§ **Problem details**
Retype, please, the listing from its opening line through the line that contains "The power of", both included, without the pictures.

§ **Data segment**
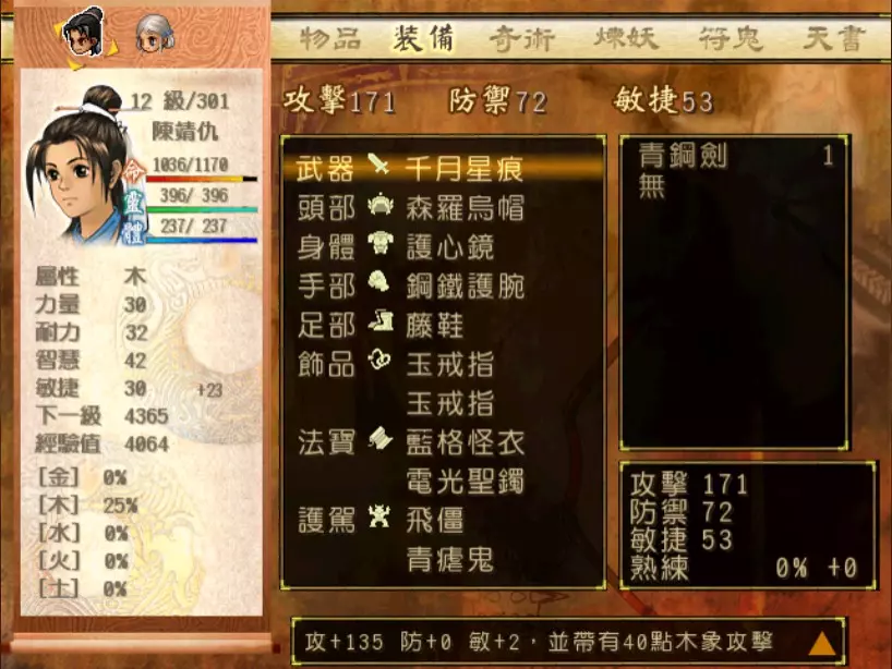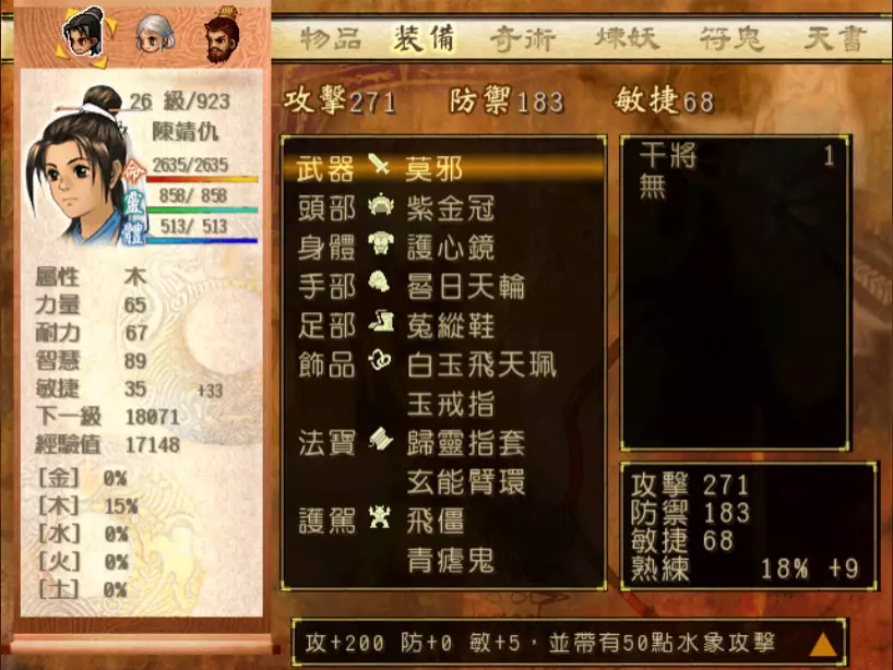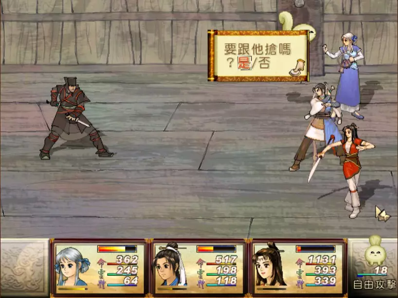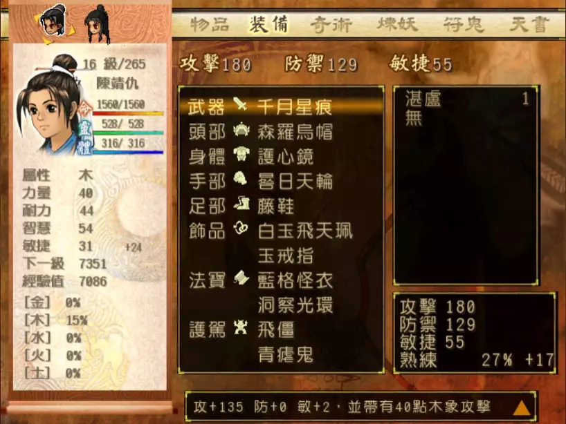 经验值 870 → 仇 Lv 17,玉 Lv 22 因为我方只有两个人,而且缺席的又是小雪,因此洞察光环再次体现出它的重要性──每闪过一次韩腾的攻击,都等于省下了一堆昂贵的补药。至于洞察光环给谁装备?当然是补师陈靖仇,虽然他只有普通的气疗术,不过聊胜于无。带多一点金创药和凤尾草液吧,虽然我分别只带了4个和8个(没办法,金创药太贵了...) 韩腾唯一具有威胁性的招式是木象【怒空摘星】,全体约1350伤害。很痛,不过至少两个人满血时都扛得住。这里我倒是使用了一个进阶策略:猜测敌方是否要使用奇术。因为使用奇术需要蓄气时间,如果发现韩腾似乎有好一阵子都没出手攻击了,就赶快按下防御,看能不能猜到是怒空摘星。如果猜到,可以降低伤害到1000左右,让我方有多一点余裕准备接下来的应对策略。 我这场主要的输出是靠玉儿,冯虚御风的加持下加上有星君眼加成的连击,每半回合约可以造成500左右的伤害,如果有什么突发状况更可以及时应对。 个人觉得可惜的是,两人身上能带的法宝有限,经过挣扎后决定还是不装乾坤袋偷活灵芝好了。 接下来玉儿要潜入宇文太师府。这边所有的遭遇战都可以顺利逃走,但因为我这次是玩小雪线,所以要准备把装备卸下,跟玉儿说拜拜了。 36.逃犯x2 + 土匪 难度:★(仇 Lv 17)经验值 130 前往太原途中的路见不平。请记得使用冰石乱坠冻结敌人。 下一场战斗来到了通天塔。入塔前可绕道去大兴的独孤道塔逛逛拿宝物,尤其是金块,这样身上又有3块金块了。 37. 飞贼王+陆吾 难度:★(仇 Lv 17,烈 Lv 32)经验值 58 这场战斗其实只是支线战斗,奖品干将也没有很吸引人,我只是纯粹想凑齐干将莫邪。 在Steam版《轩辕剑叁外传 天之痕》中,制作团队为了防止收化飞贼王的漏洞,让陆吾不能被收化。把陆吾打败后,可静待飞贼王本人逃跑,以吸取最少的经验值。 38. 韩腾 难度:★★★(仇 Lv 17,烈 Lv 32)
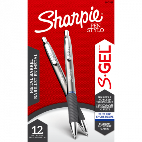 The power of Sharpie is now in a metal gel pen. This S-Gel is a high-performance gel pen with a sleek, metal barrel and professional look that’s sure to stand out. With no-smear, no-bleed technology and bold, unrivalled ink, this Sharpie pen delivers always-vivid writing 0.7 mm. Gunmetal barrel. Blue ink. 12/box.
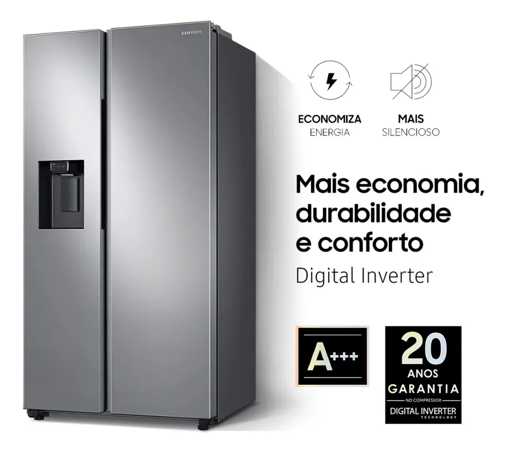 Indicada para famílias grandes, a Samsung RS60 é um modelo side by side que aposta em amplo espaço interno e tecnologias voltadas à estabilidade térmica. O dispenser de água e gelo na porta facilita o uso diário e evita a abertura constante do refrigerador.

§ **Exercise solution**
 经验值 870 → 仇 Lv 17,玉 Lv 22 因为我方只有两个人,而且缺席的又是小雪,因此洞察光环再次体现出它的重要性──每闪过一次韩腾的攻击,都等于省下了一堆昂贵的补药。至于洞察光环给谁装备?当然是补师陈靖仇,虽然他只有普通的气疗术,不过聊胜于无。带多一点金创药和凤尾草液吧,虽然我分别只带了4个和8个(没办法,金创药太贵了...) 韩腾唯一具有威胁性的招式是木象【怒空摘星】,全体约1350伤害。很痛,不过至少两个人满血时都扛得住。这里我倒是使用了一个进阶策略:猜测敌方是否要使用奇术。因为使用奇术需要蓄气时间,如果发现韩腾似乎有好一阵子都没出手攻击了,就赶快按下防御,看能不能猜到是怒空摘星。如果猜到,可以降低伤害到1000左右,让我方有多一点余裕准备接下来的应对策略。 我这场主要的输出是靠玉儿,冯虚御风的加持下加上有星君眼加成的连击,每半回合约可以造成500左右的伤害,如果有什么突发状况更可以及时应对。 个人觉得可惜的是,两人身上能带的法宝有限,经过挣扎后决定还是不装乾坤袋偷活灵芝好了。 接下来玉儿要潜入宇文太师府。这边所有的遭遇战都可以顺利逃走,但因为我这次是玩小雪线,所以要准备把装备卸下,跟玉儿说拜拜了。 36.逃犯x2 + 土匪 难度:★(仇 Lv 17)经验值 130 前往太原途中的路见不平。请记得使用冰石乱坠冻结敌人。 下一场战斗来到了通天塔。入塔前可绕道去大兴的独孤道塔逛逛拿宝物,尤其是金块,这样身上又有3块金块了。 37. 飞贼王+陆吾 难度:★(仇 Lv 17,烈 Lv 32)经验值 58 这场战斗其实只是支线战斗,奖品干将也没有很吸引人,我只是纯粹想凑齐干将莫邪。 在Steam版《轩辕剑叁外传 天之痕》中,制作团队为了防止收化飞贼王的漏洞,让陆吾不能被收化。把陆吾打败后,可静待飞贼王本人逃跑,以吸取最少的经验值。 38. 韩腾 难度:★★★(仇 Lv 17,烈 Lv 32)
 The power of Sharpie is now in a metal gel pen. This S-Gel is a high-performance gel pen with a sleek, metal barrel and professional look that’s sure to stand out. With no-smear, no-bleed technology and bold, unrivalled ink, this Sharpie pen delivers always-vivid writing 0.7 mm. Gunmetal barrel. Blue ink. 12/box.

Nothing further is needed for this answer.